Petisi 181 (271) Juta Jiwa Lebih
// Zakirman Tanjung
izinkan saya menikmati kemerdekaan negeri ini, Pak!
saya hanya menghargai jasa pahlawan
kita sama-sama membenci penjajahan kan, Pak?
saya bukan gepeka, hanya penegak
kebenaran sering rebah, Pak
terinjak-injak
saya cuma cari makan
juga membajui Ibu Pertiwi
agar tidak usil dijahili jemari usil
izinkan saya memiliki kemerdekaan negeri ini, Pak!
saya juga cucu-buyut moyang yang berjuang
kemerdekaan ini untuk kita kan, Pak?
bagi mereka telah cukup seliang lahat sebilah papan
barisan doa dari kita yang rela berkhusu’
izinkan saya mempertahankan kemerdekaan negeri ini, Pak!

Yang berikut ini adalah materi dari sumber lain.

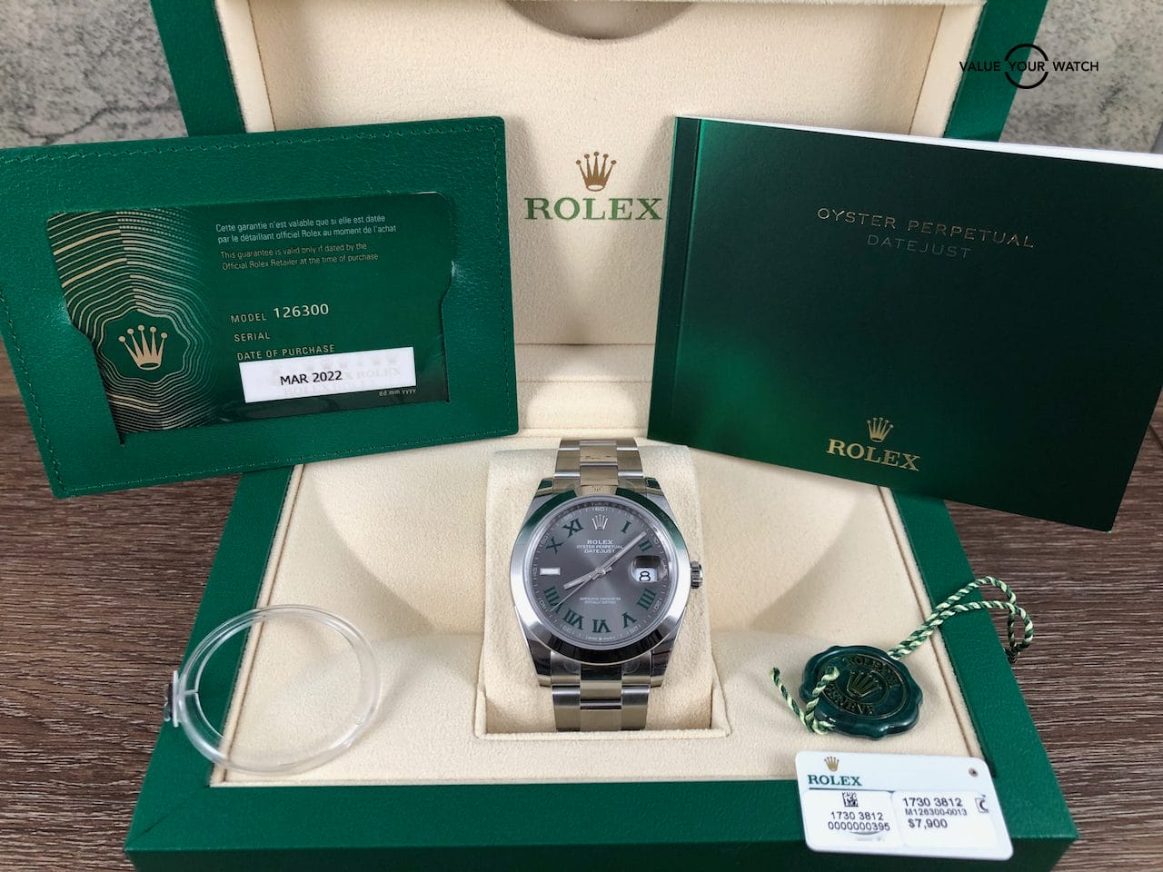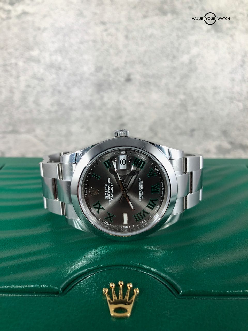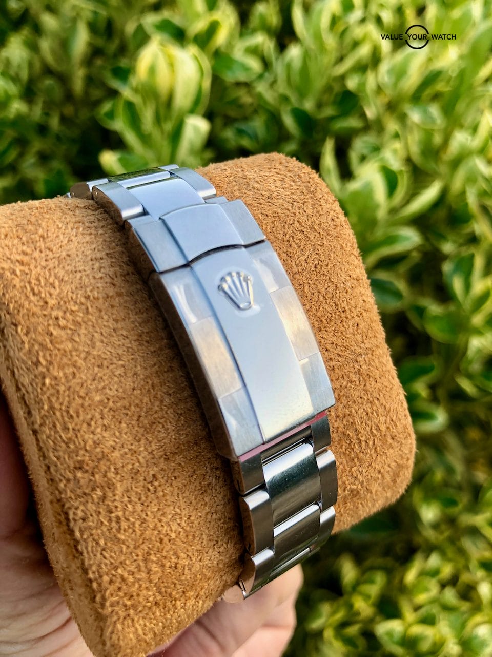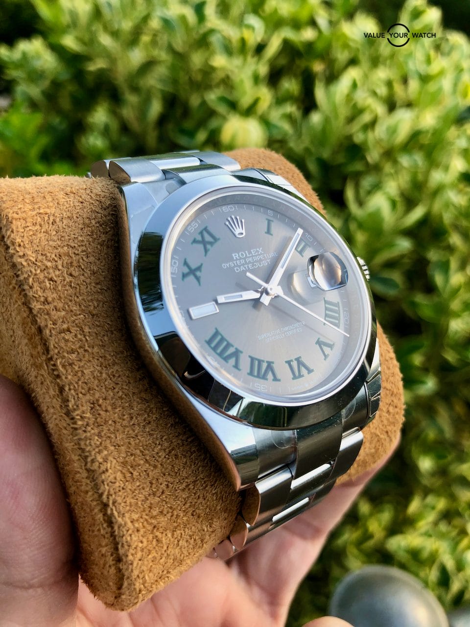 This watch has a stunning slate dial with black Roman numerals & a stunning green shadow, commonly referred to as the Wimbledon dial. The case is in exceptional cosmetic condition, with no signs of use & partial stickers still remaining from the dealer. The sapphire crystal is clear & free of scratches.

sebab, masih banyak famili kita yang tertindas di kolong-kolong keserakahan dimulutmanisi janji-janji imitasi
saya bukan gepeka hanya pembela
keadilan sering diomongkosongkan
padahal kita membutuhkannya kan, Pak?
Izinkanlah saya berjuang, Pak!
ternyata kemerdekaan belum sempurna
di sana-sini masih buka praktek penjajahan
entah legal atau tak ada yang berani menjegal
gepeka = generasi penggugat kemerdekaan
Jakarta, 1994
Puisi ‘Petisi 181 Juta Jiwa Lebih’ telah dipublikasikan Surat Kabar Suara Pembaruan, Jakarta, Minggu 12 Februari 1995
====
Bulan Madu Negeri Pengungsian
// Zakirman Tanjung
kita kenyangi lapar ini dengan tawa
aku tak kuasa menatap bola di matamu
getir enggan beranjak
padahal kita begitu sering mengajaknya
mendustai kenyataan
malam ini kuingin mengulum lembut bibirmu
sayang terlanjur pagi kau menelannya
“pengganti sarapan,” cetusmu memelas
kita susuri hamparan retak-rengkah
kau bergelayut di belulang pundakku
trenyuh sapaan kanan – kiri
padahal kita bukan petugas kemanusiaan
aku ingin mengajakmu menyanyi
cacing-cacing di perut kita duluan bersenandung
tertegun, kita bertatapan, menikmati
“aku ngidam lihat hutan pegunungan,” rengekmu mengiris hati
kubawa kau terlelap ke barak
di mimpi kita menceburi sungai siak
kau tersenyum memipil sebelah jantungku
Perbatasan Zaire – Rwanda, 1995
==
Surat Anak Pengungsi
// Zakirman Tanjung
saya ingin menangis, Kak
tapi tak punya airmata lagi
air liur pun kering-kerontang
kamp-kamp pada tandus
perang itu jahat ya, Kak!
Kak, Indonesiamu indah ya?
hutannya sejuk rimbanya teduh
masa-masa sekolah mengasyikkan
oow, Indonesiamu di ujung angan
Kak, kirimi saya sedahan pinus
lapar kami beritamu, tangis kami nyanyianmu
tercetak di koran-koran
tersiar di radio
kau tayangkan di televisi
Kak, kapan hujan akan turun?
kapan saya bias menangis lagi?
Ethiopia, 1989
==
Surat Tawanan Perang
// Zakirman Tanjung
kalau kau pernah merenung sesaat
longoklah kamp-kamp tandus dan gersang
tataplah negeri kami, rengkah tanah merah
genderang, biola dan pembantaian
kalau kau pernah masuk penjara
anak – binimu masih bisa melepas rindu
rasakan derita kami di sini
korban kebuasan nafsu duniawi
kalau kau pernah menanggung lapar
waktu berbuka dating menanti
sekadar tidur tak kami kata
bukan tangis narapidana
Palestina, 1988
(Ketiga puisi di atas telah dipublikasikan Surat Kabar Riau Pos, Pekanbaru, Minggu 4 Mei 1997)
Zakirman Tanjung atau pernah mempopulerkan diri dengan nama pena Zastra Certa (Zakirman Susastra Cancer Tanjung) dan Playboy Pattikawa, lahir 13 Rabi'ul Akhir 1389. Menulis puisi, cerita fiksi, opini dan surat cinta sejak masih di bangku SD tetapi baru mulai mempublikasikannya Agustus 1985. Pernah kuliah di Fakultas Sastra Universitas Andalas (BP 90184041) kemudian keluar setelah memecat rektor, memberhentikan dekan dan membebas-tugaskan dosen-dosen.